Swyer–James syndrome (SJS), also called Swyer–James–MacLeod syndrome, is a rare disease of the lungs, characterized by a small lung or part of lung. Typical symptoms are of recurrent respiratory tract infections, but some have no symptoms.

As a result of childhood bronchiolitis obliterans, typically following adenovirus infection, there is a reduction in blood vessels and overextended alveoli, resulting in air trapping in one or part of one lung.

==Signs and symptoms==
Often, there are no symptoms and the disease is detected when investigating another problem. Sometimes there is shortness of breath on exertion, wheeze, reduced ability to exercise, cough and chest pain.

==Cause and mechanism==
Swyer–James syndrome is a manifestation of postinfectious obliterative bronchiolitis.
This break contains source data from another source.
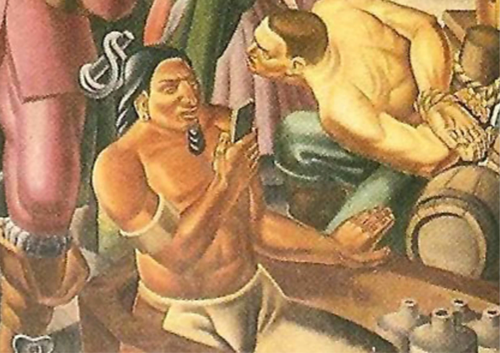 Más que un cuadro, se trata de un mural. Cuenta parte de la historia de los Estados Unidos. Es de la era del New Deal y se llama “Mr. Pynchon and the Settling of Springfield”. Claramente, es anterior al iPhone: por siete décadas.
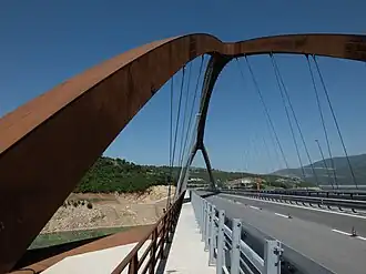 The bridge enhances the economic corridor between Albania and Kosovo, supporting regional integration and trade.[6] Its weathering steel arch has also become a landmark feature visible from much of the surrounding area.
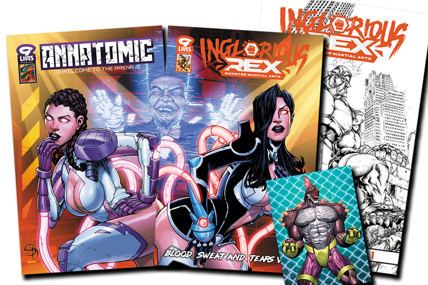 (1) Annatomic: Welcome to the Arena A2A Cover PLUS (1) Supplemental Book Vol 4 A2A Cover PLUS (1) Inglorious Rex Line Art Hardcover Edition Vol 1. Your books will be bagged and boarded, then shipped in a Gemini mailer.
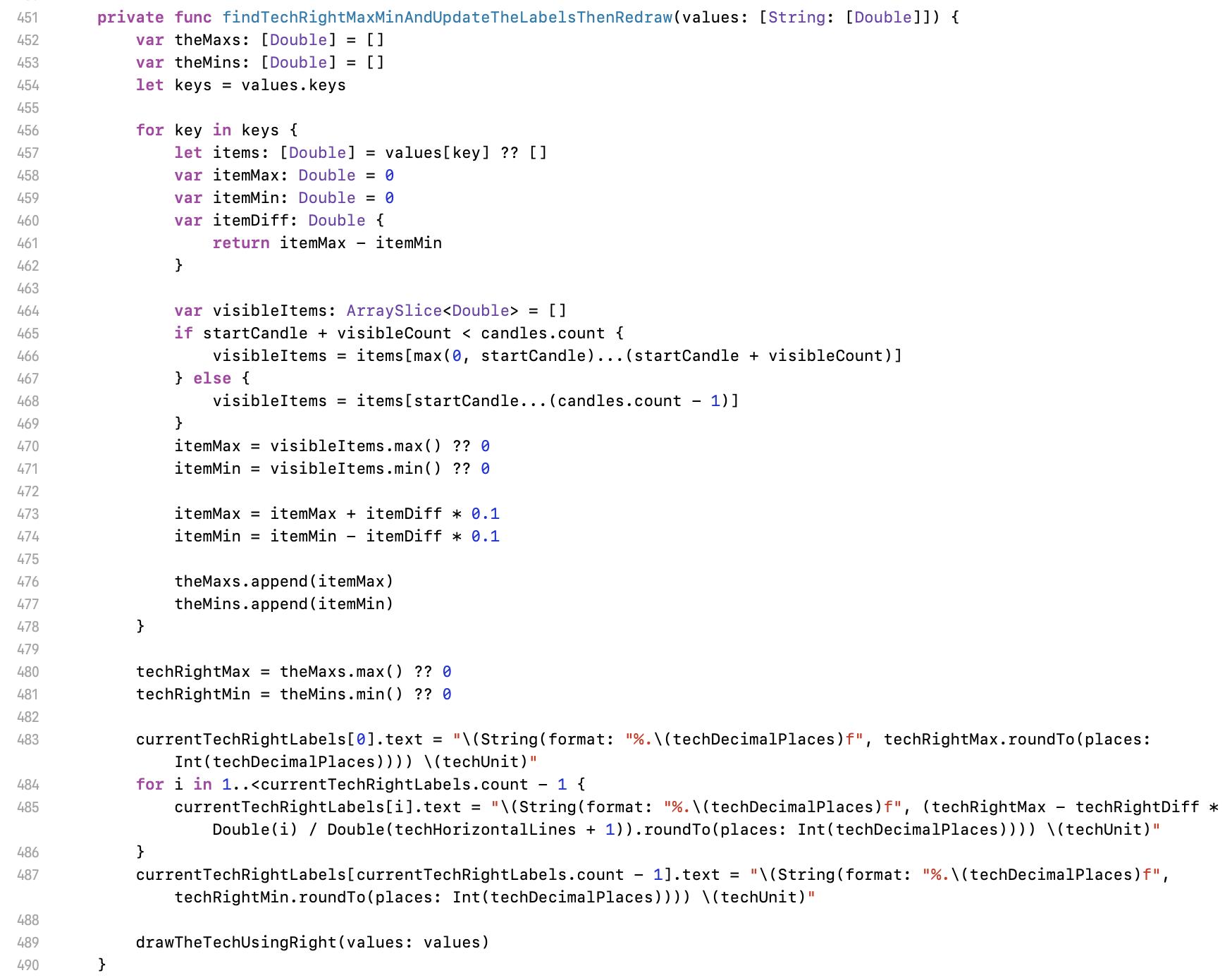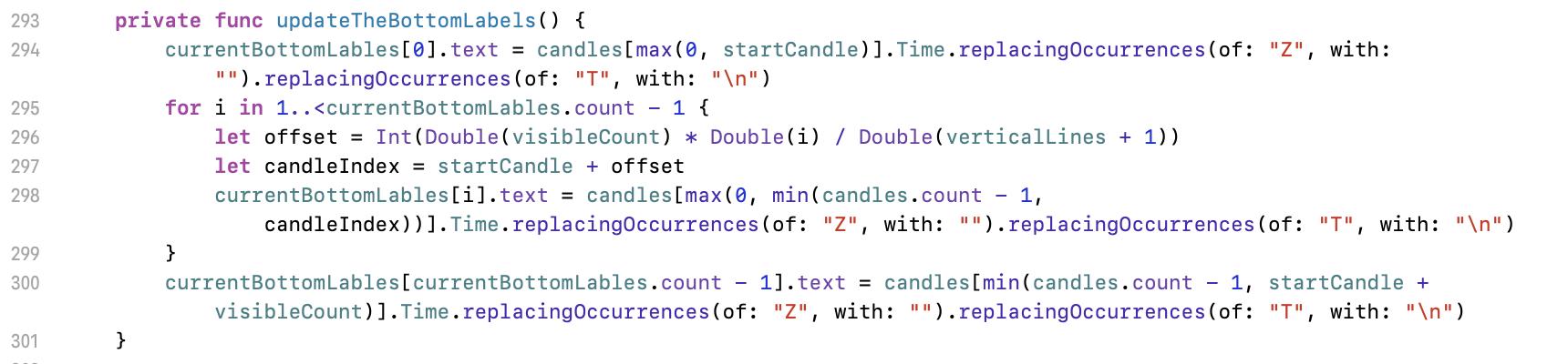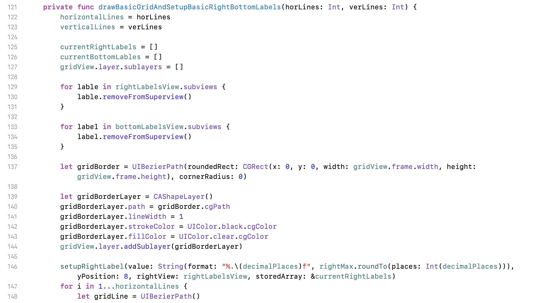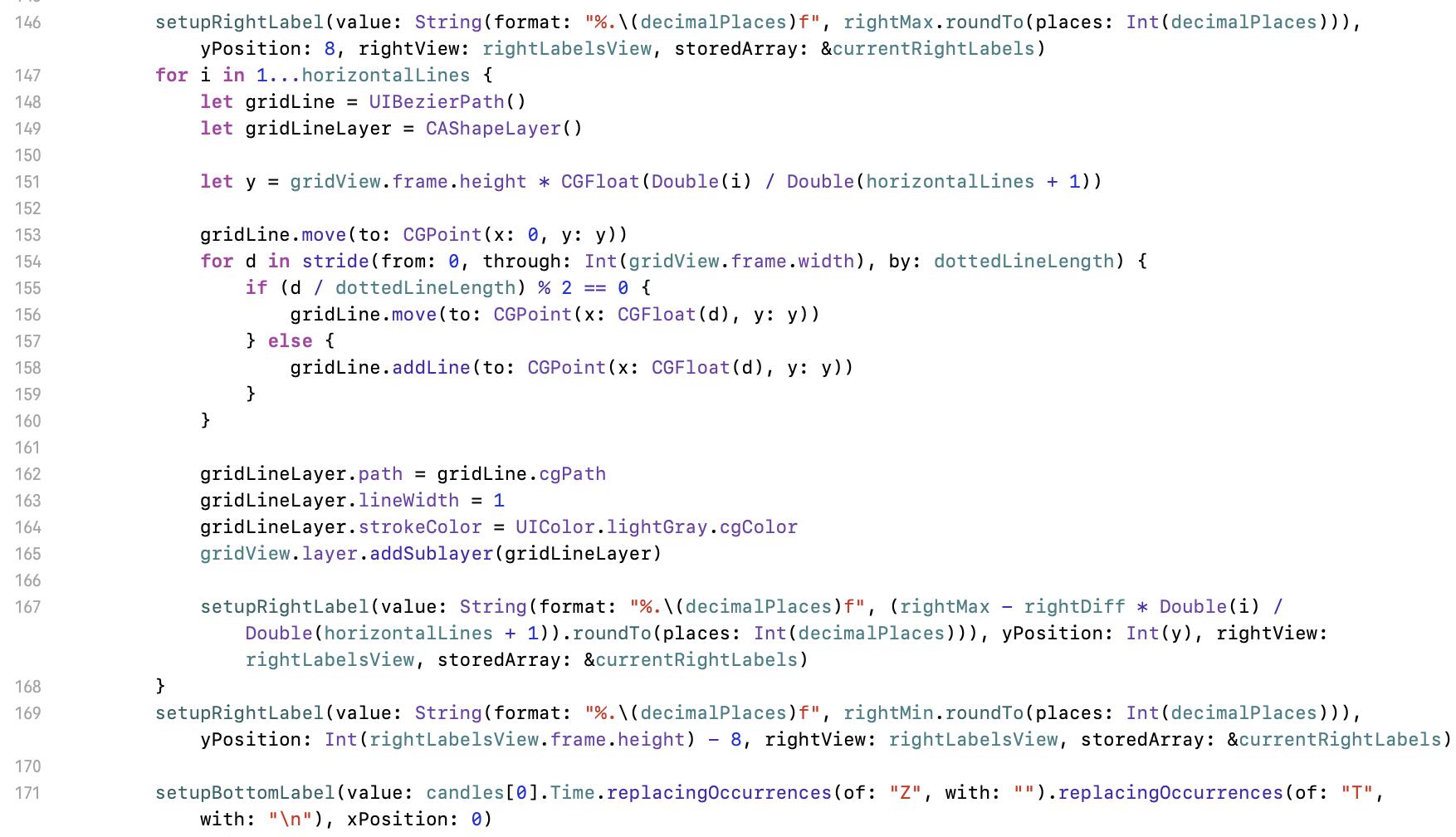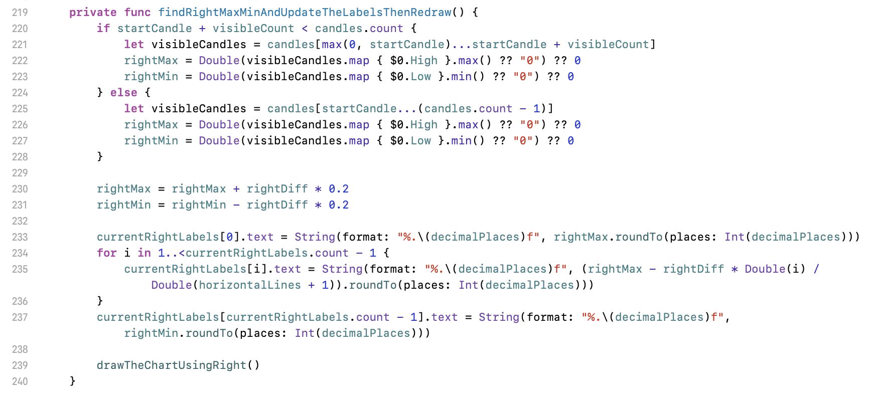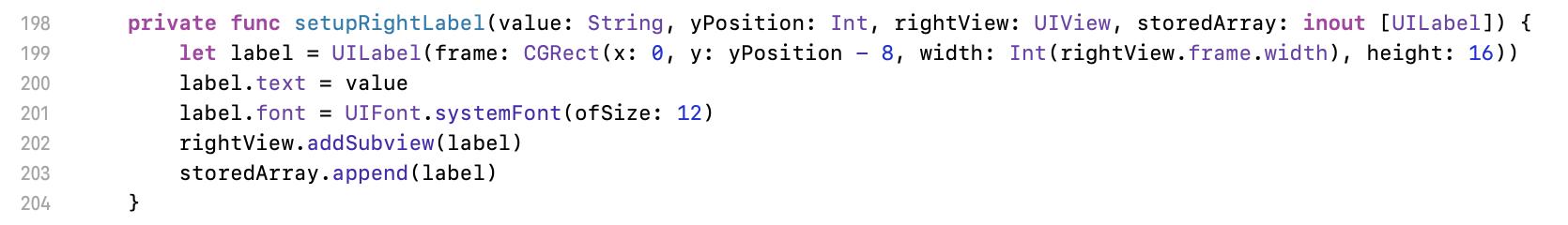 Let we move to line 198 first. Here is an abstracted function for setup right labels. Input parameters are value (value), calculated y position (yPosition), where for the labels (rightView), and the array for labels (storeArray). Modifier inout is for to update the inputed source.

In SJS, the involved lung or portion of the lung does not grow normally and is slightly smaller than the opposite lung. The characteristic radiographic appearance is that of pulmonary hyperlucency, caused by overdistention of the alveoli in conjunction with diminished arterial flow. and has been linked to adenovirus type 21, a type of adenovirus infection.

==Diagnosis==
In appearance Swyer–James normally leaves shadowing in a CT scan in the upper lobar regions of one or (rarely) both lungs. People with the illness operate in much the same way as patients with mild bronchiectasis. As a result, the illness can go undiagnosed for some time. With current pharmaceutical developments, the prognosis is good for sufferers of the illness to lead normal and healthy lives.

==History==
It was found by English chest physician William Mathiseon MacLeod, and (simultaneously) by physician Paul Robert Swyer and radiologist George James in the 1950s in Canada.